An accurate understanding of your financial health requires going beyond revenue numbers alone. As a result, in an article for Inc., J.P. Morgan’s Jill Hamburg-Coplan actually recommends executives focus on seven financial factors. These include current ratio, quick ratio, return on assets, accounts receivable turnover ratio, operating cash flow ratio, pretax net profit margin and inventory turnover.
These factors offer a broad picture of your financial health. For example, the current ratio compares current assets and liabilities. A 2:1 ratio is considered to be a healthy margin for most businesses. Return on assets compares the net pre-tax profit and total assets. And this helps you determine if you are using assets appropriately. Inventory turnover tells you how many times you sell your inventory. Calculate this by the year — the higher, the better.

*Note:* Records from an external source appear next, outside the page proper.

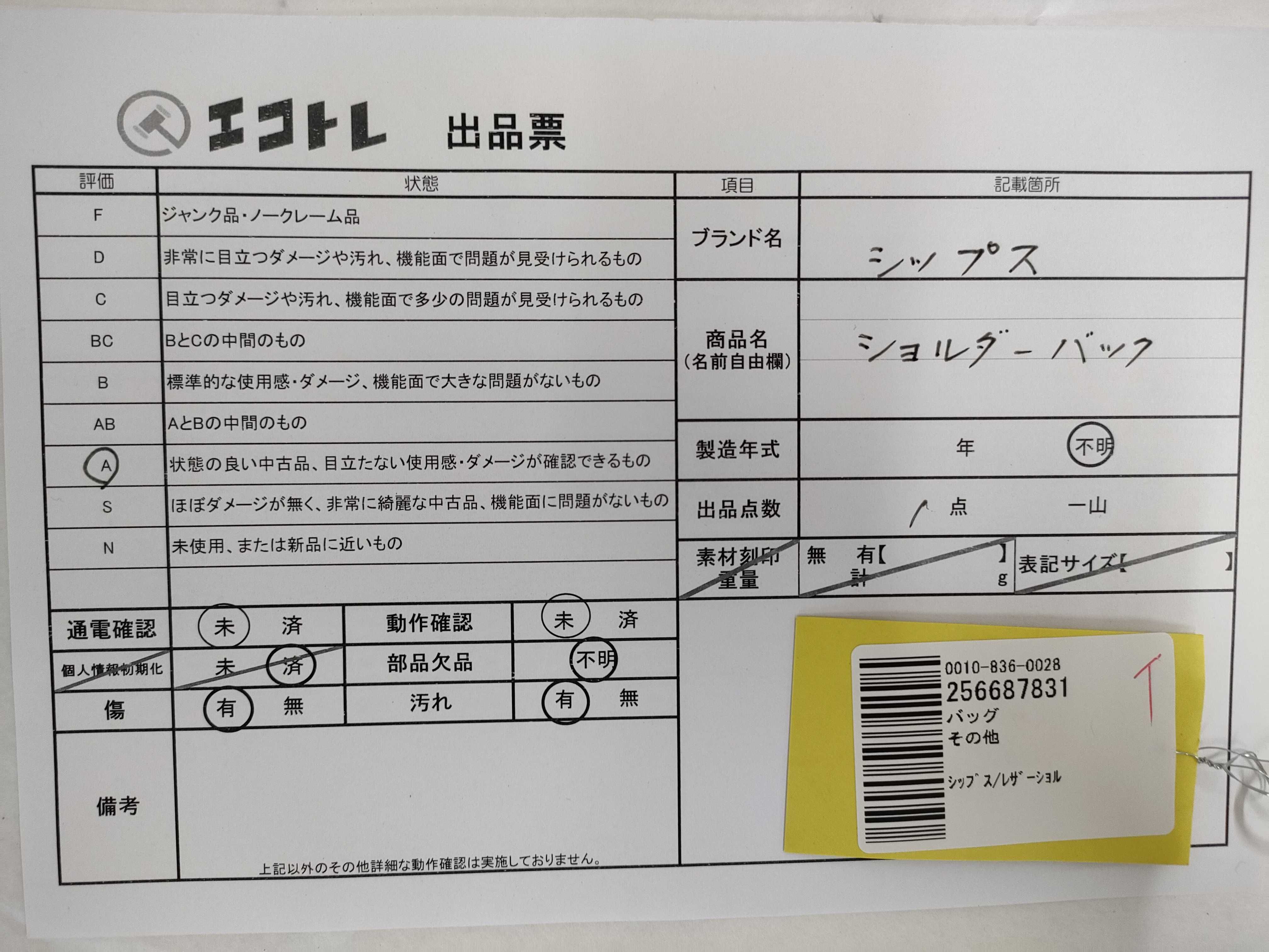 商品内容によって、JITBOXなどでの発送となる可能性がございます事ご理解下さい。年式などの商品情報詳細は写真にてご確認願います。※ご入札の際はご利用規約をよくお読みになってからのご参加お願いします。","タイプライン":"","カテゴリ":"バッグ","形状コード":"ショルダーバッグ","付属品コード":"","シリアル・シール・型番":""
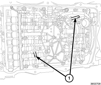 60. Using the valve body alignment pins (1) to guide, position the valve body assembly to the transmission.
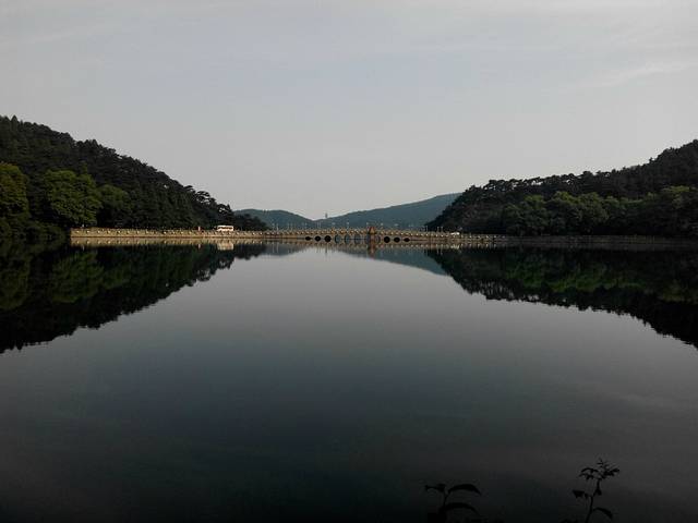 芦林湖,位于江西省九江市庐山区海拔1040米的东谷芦林盆地,故又称东湖。从黄龙寺沿石阶曲径上行约20分钟,便到芦林大桥。一路密林蔽日,树干高耸挺拔,夏日人行其间颇感凉爽。芦林大桥高30米,桥坝一体,拦水成湖,湖水如镜,似发光的碧玉镶嵌在林荫秀谷之中,在缥缈的云烟衬托下美丽。据说冬游芦林湖景色更为别致,进入冬季后芦林湖畔上的树木结成雾凇,成为了一到壮丽的风景,很多游客慕名而来。芦林湖四周群山环抱,苍松翠柏,景致优美。此处原是芦草丛生、野兽出没的芦林谷地,介于玉屏、星洲两峰之间。1954年在二峰间筑坝蓄水,次年建成。大坝高32米,长120米,宽12米,全湖面积约9万平方米,蓄水120万立方米。湖水洁净清澈,碧清如镜,山色倒影,相映成趣。湖心有两小亭,外观秀丽、精巧,为湖面增光添彩,内则分别用作汲水塔和溢洪道。芦林湖所蓄之水目前为庐山牯岭镇1.3万居民的主要水源。芦林桥建于芦林湖大坝坝面。大坝体积达3万立方米,系用石块和水泥混交筑成,雄伟宽坦。大桥桥身上段有5个桥孔,溢洪时,五孔喷流,似五条龙飞吼而下,成为壮丽的人工瀑布。此景可立于“蛟芦桥”上观得。交芦桥在坝旁峪谷涧底,由桥南踏石阶而下百余级即可到达。
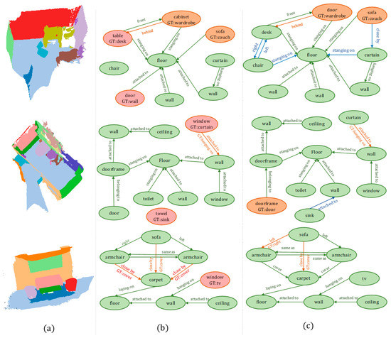 Dataset: The 3DSSG, a publicly available large indoor 3D semantic scene graph dataset, is based on the realistic 3D scan dataset, 3Rscan [11,12]. The dataset mainly contains support, proximity and comparison relationships between the entity objects in indoor scenes. During the training process, larger scenes are partitioned, with an average of 9 objects per scene, 160 classes of entity objects and 27 classes of relationships between objects (including “none”). The training file is divided so that there are 3582 scenes in the training set and 548 in the validation set.
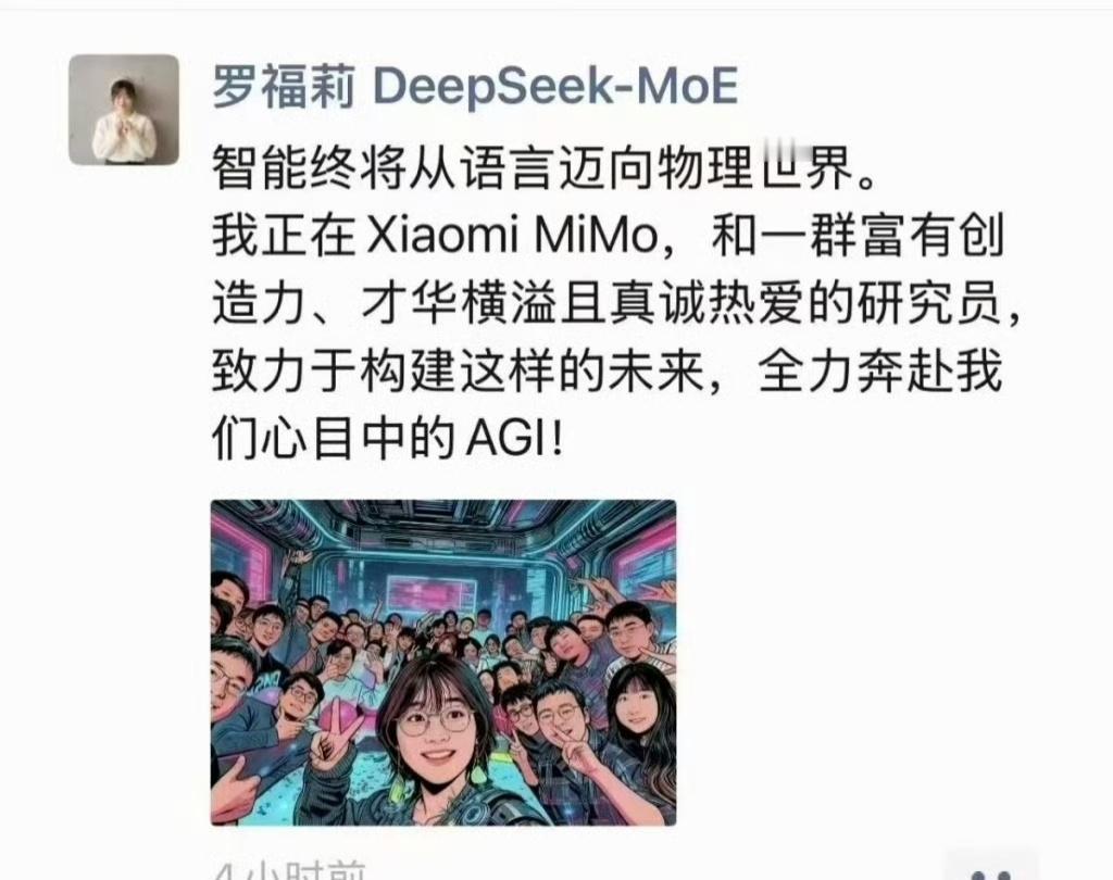 有两个信息:从照片看是在C位,所以应该是部门负责人类似的职位。另外,从“智能终将从语言迈向物理世界”的描述看,应该是要聚焦智驾了。而且人家本来就是DeepSeek做大语言模型的,在小米很可能是做小米的VLA。
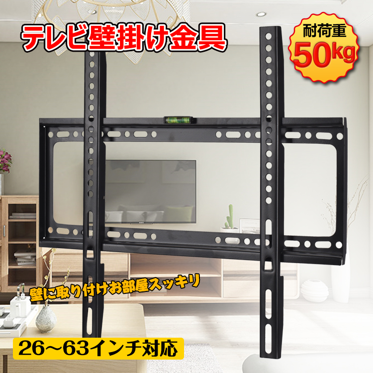 ■壁に設置することで、お部屋が広くスッキリに!■テレビ台なしでスペース広々!■26〜63インチ対応!スペースを取らない壁掛け金具■リビングや寝室、店舗での設備等、様々な場所で大活躍!【商品内容】:テレビ壁掛け金具 26〜63インチ対応【サイズ】:(約)46x42.5cm【重量】:約600g【耐荷重】:約50kg【カラー】:ブラック
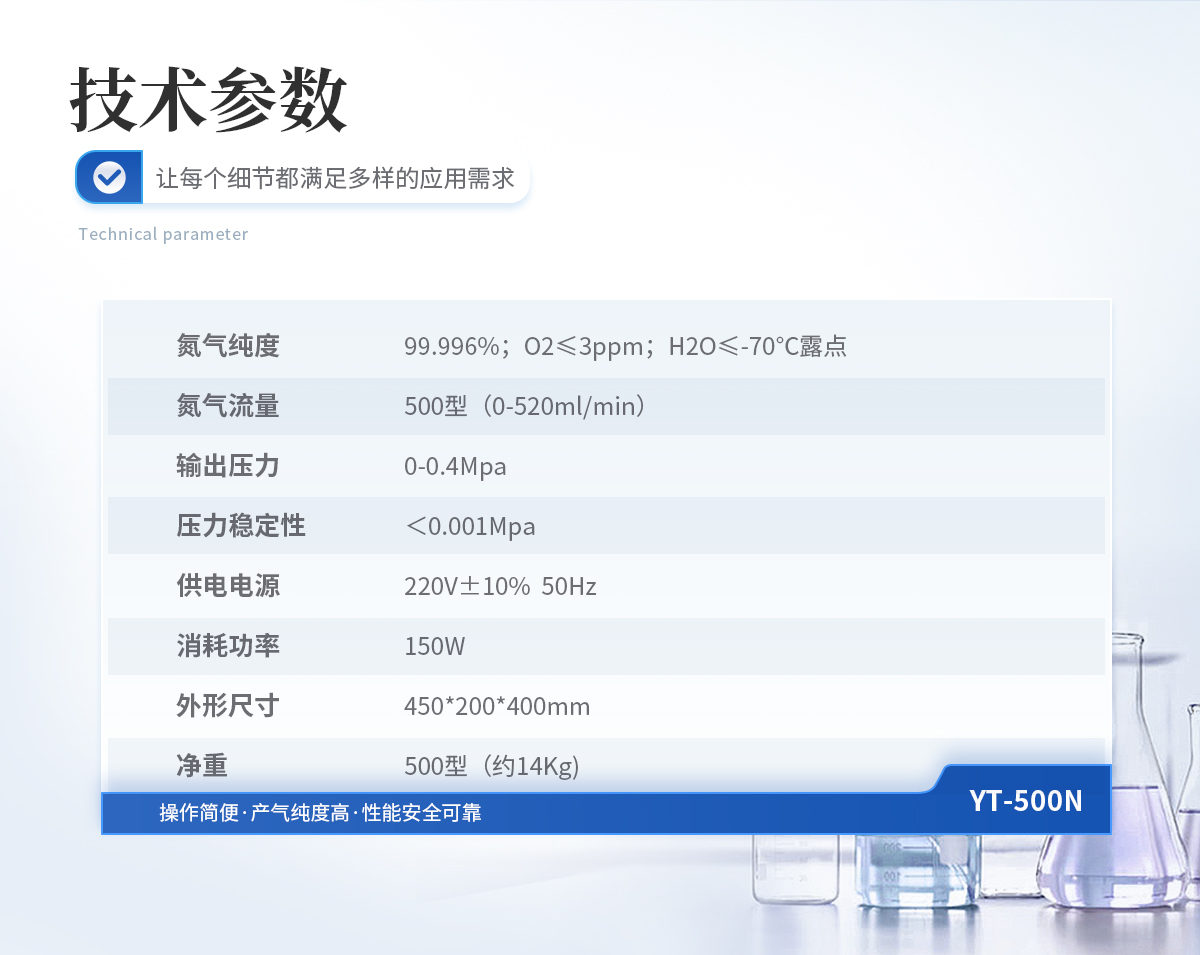 1. 氮氣純度:含氧量<3PPM,含水量露點-56℃ 2. 氮氣流量:0-300ml/min 3. 輸出壓力:0-0.4Mpa(由原料空氣壓力決定) 4. 壓力穩定性:< 0.003MPa(視空氣源的穩定性) 5. 供電電源:220V±10% 50Hz 6. 消耗功率:60W 7. 工作環境:1-40℃ 相對濕度: <85% 8. 外形尺寸:360×200×260mm 9. 凈重:約9Kg
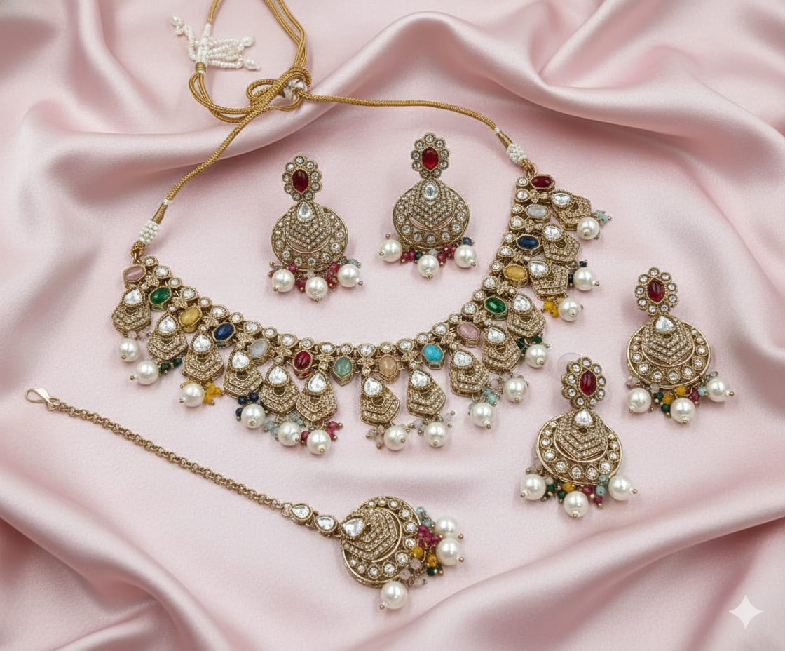 Elevate your ethnic look with our Navratna-inspired choker set. This piece features a rhythmic arrangement of multi-colored synthetic stones—including deep reds, forest greens, and golden ambers—set against a vintage Mehandi polish base. The intricate craftsmanship is highlighted by shimmering white crystal borders and delicate pearl drops. Complete with matching Jhumkas and a Maang Tikka, this set is designed to complement a wide range of attire.
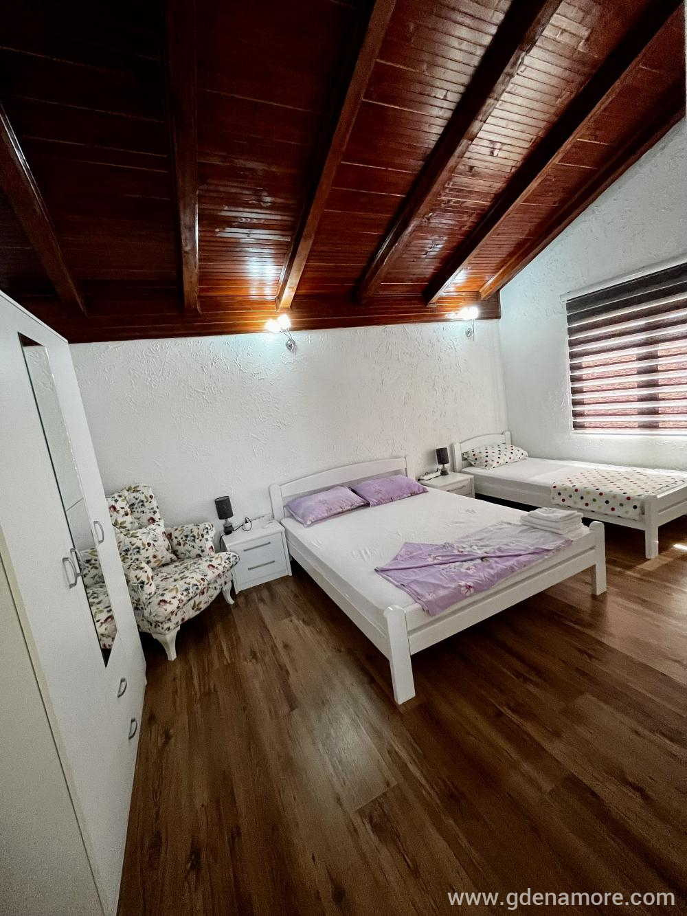 1 υπνοδωμάτιο με ένα κρεβάτι γαλλικού τύπου και ένα μονό κρεβάτι. 2 υπνοδωμάτια με 3 μονά κρεβάτια. 3 υπνοδωμάτια με κρεβάτι γαλλικού τύπου και πτυσσόμενο καναπέ.
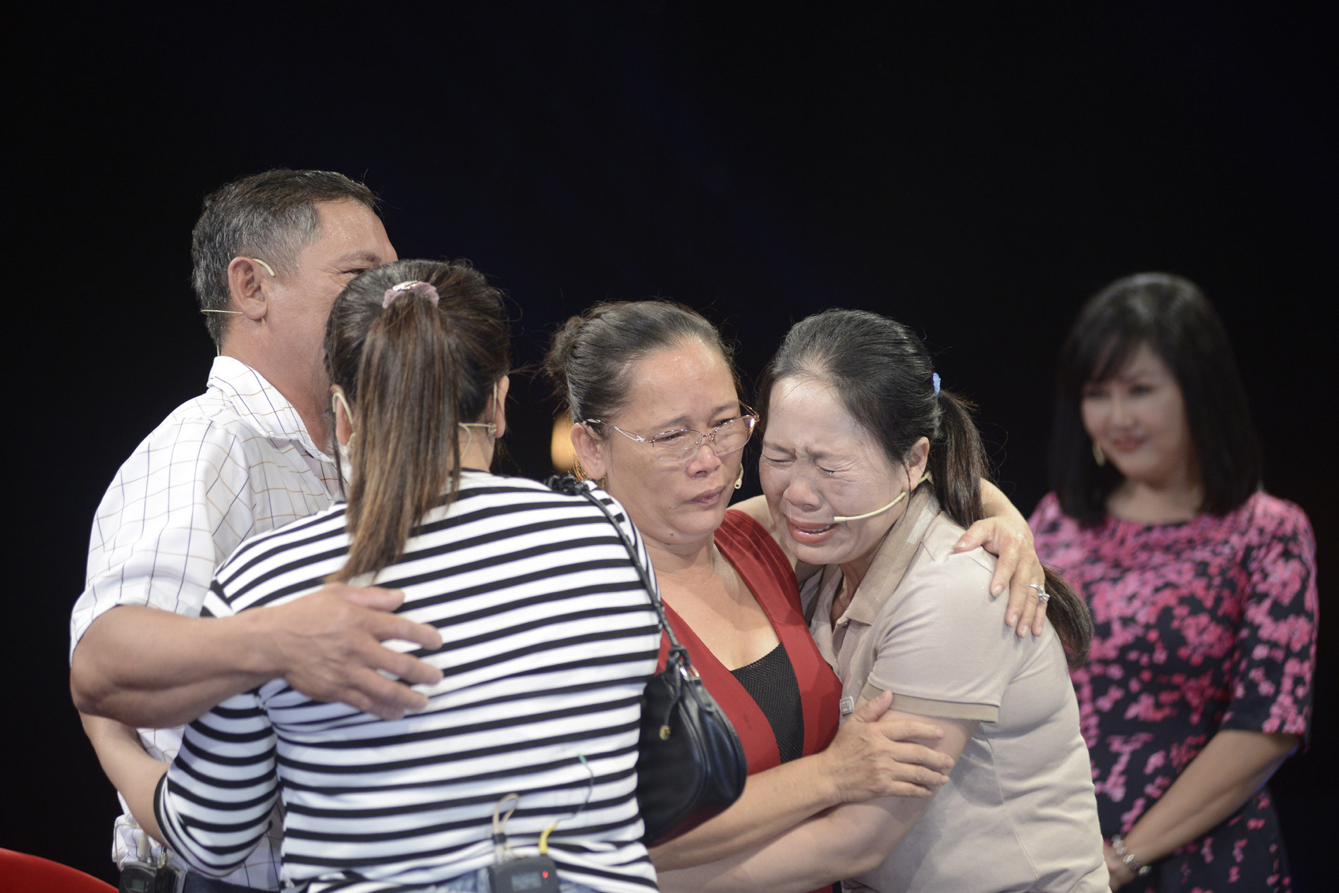 Nhờ có ê-kíp của chương trình, chị tìm lại được người thân. Đoàn tụ với những người ruột thịt của mình trên sân khấu, chị bật khóc nức nở và liên tục nói lời xin lỗi. “Em xin lỗi các anh chị nhiều lắm. Vì ba em mà các anh chị khổ nhiều. Em muốn tìm lại anh chị để bù đắp cho những sai lầm của ba…”.

Predictive analytics tools should also play a role. They help you evaluate these elements of your company’s financial status. Get a better understanding of how certain actions will affect these ratios and margins. This allows you to reduce risk as you make crucial business decisions.
Create clearly defined KPIs that address your company’s financial status. And track the progress different departments make in achieving their individual goals. You will have a greater understanding of where your business stands.
Most importantly, put yourself in a position where you can accurately track the health of your small business. This will enable you to address challenges and make smarter business decisions to ensure an even more successful future.